YOLO11 detection agent
YOLO11 detections come from argus-agent — a Python worker that joins the mission’s LiveKit room as a bot participant, pulls drone video tracks, runs YOLO11 inference on every frame, and publishes bounding boxes back to the room as data-channel messages. The webapp doesn’t run YOLO in the browser; it just consumes the agent’s output.
Agent dispatch
When a mission activates with AI detection enabled in its feature set, the agent auto-dispatches to the mission’s room (see agent rooms). The agent:
- Subscribes to every drone video track (
VIDEO_DRONE_TRACK_ID). - Runs YOLO11 per-frame, typically 20-30 fps depending on resolution.
- For each detected object, runs BoT-SORT for short-term tracking (reset on occlusion) and DINOv2 + FAISS for persistent re-ID (stable across occlusions).

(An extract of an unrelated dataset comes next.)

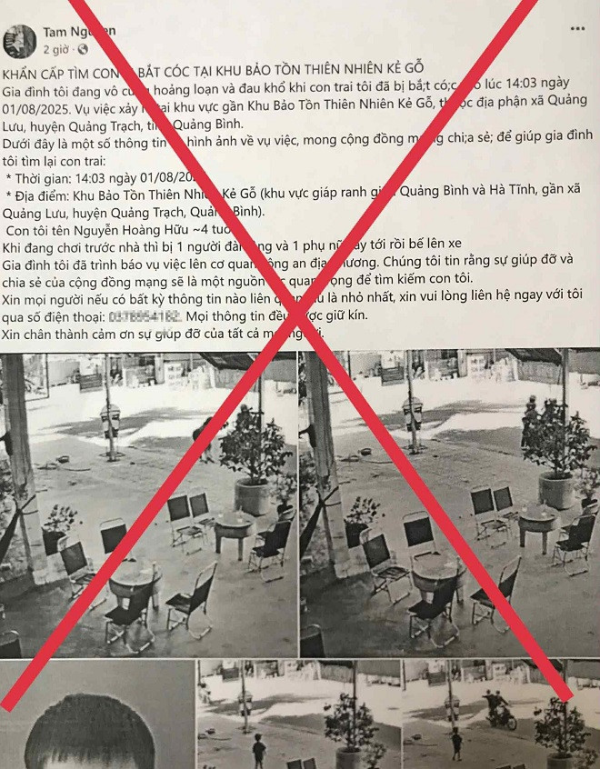 Ngày 2/8, trên mạng xã hội Facebook xuất hiện thông tin gây hoang mang dư luận về một vụ bắt cóc trẻ em xảy ra trên địa bàn giáp ranh tỉnh Hà Tĩnh (tỉnh Quảng Bình cũ) kèm hình ảnh mô tả cảnh bắt cóc.

- Publishes detections on the data channel with participant identity = agent’s LiveKit identity.
What the webapp consumes
LiveKitDetectionsService subscribes to data-channel messages of shape:
{ type: 'detections', participantIdentity: string, // which drone's track detections: Array<{ left: number, // 0-1 normalised top: number, right: number, bottom: number, trackingId: string, // short-term BoT-SORT id persistentId: string, // DINOv2 re-ID, 'p_abcd' format confidences: Record<string, number>, // class -> confidence }>}The drone-stream tile reads this stream and renders each detection as a labelled bounding box. Color coding defaults:
| Class | Color |
|---|---|
| person | red |
| vehicle | orange |
| animal | cyan |
| other | green |
You can override to single-colour mode in the drone settings drawer → AI tab — Auto colouring vs Single colouring (with a custom picker).
Persistent tracking IDs
The persistentId field is what makes YOLO11 detections useful beyond a
single frame:
- Tracking ID (
trackingId) resets every time an object is lost (occlusion, leaving frame). - Persistent ID (
persistentId, shapep_xxxx) uses DINOv2 feature embeddings + FAISS approximate-nearest-neighbour search to re-identify the same object when it re-appears — so a person walking behind a tree and back out keeps the samep_xxxxID.
The drone-stream tile’s overlay displays persistent IDs on the bounding box tooltip when available — this lets operators correlate “that’s the same person I tagged two minutes ago.”
What the webapp does NOT expose
- Per-class filter UI — you can’t say “only show vehicles” in the UI. The agent publishes all classes; the browser renders all classes. Planned.
- Confidence threshold beyond the per-drone slider — the drawer’s 0-1 slider is the only threshold control. The agent’s own pre-filter isn’t exposed.
- Model selection — the agent deploys with a fixed checkpoint (YOLO11-L default, YOLO11-SAR for SAR-tuned orgs). Changing checkpoint requires agent redeployment.
Cost / metering
The agent runs on GPU instances (NVIDIA L4-class). Inference minutes are metered per operation and visible under Admin → Organisation → Usage. When the mission completes, the agent releases — no standing GPU cost.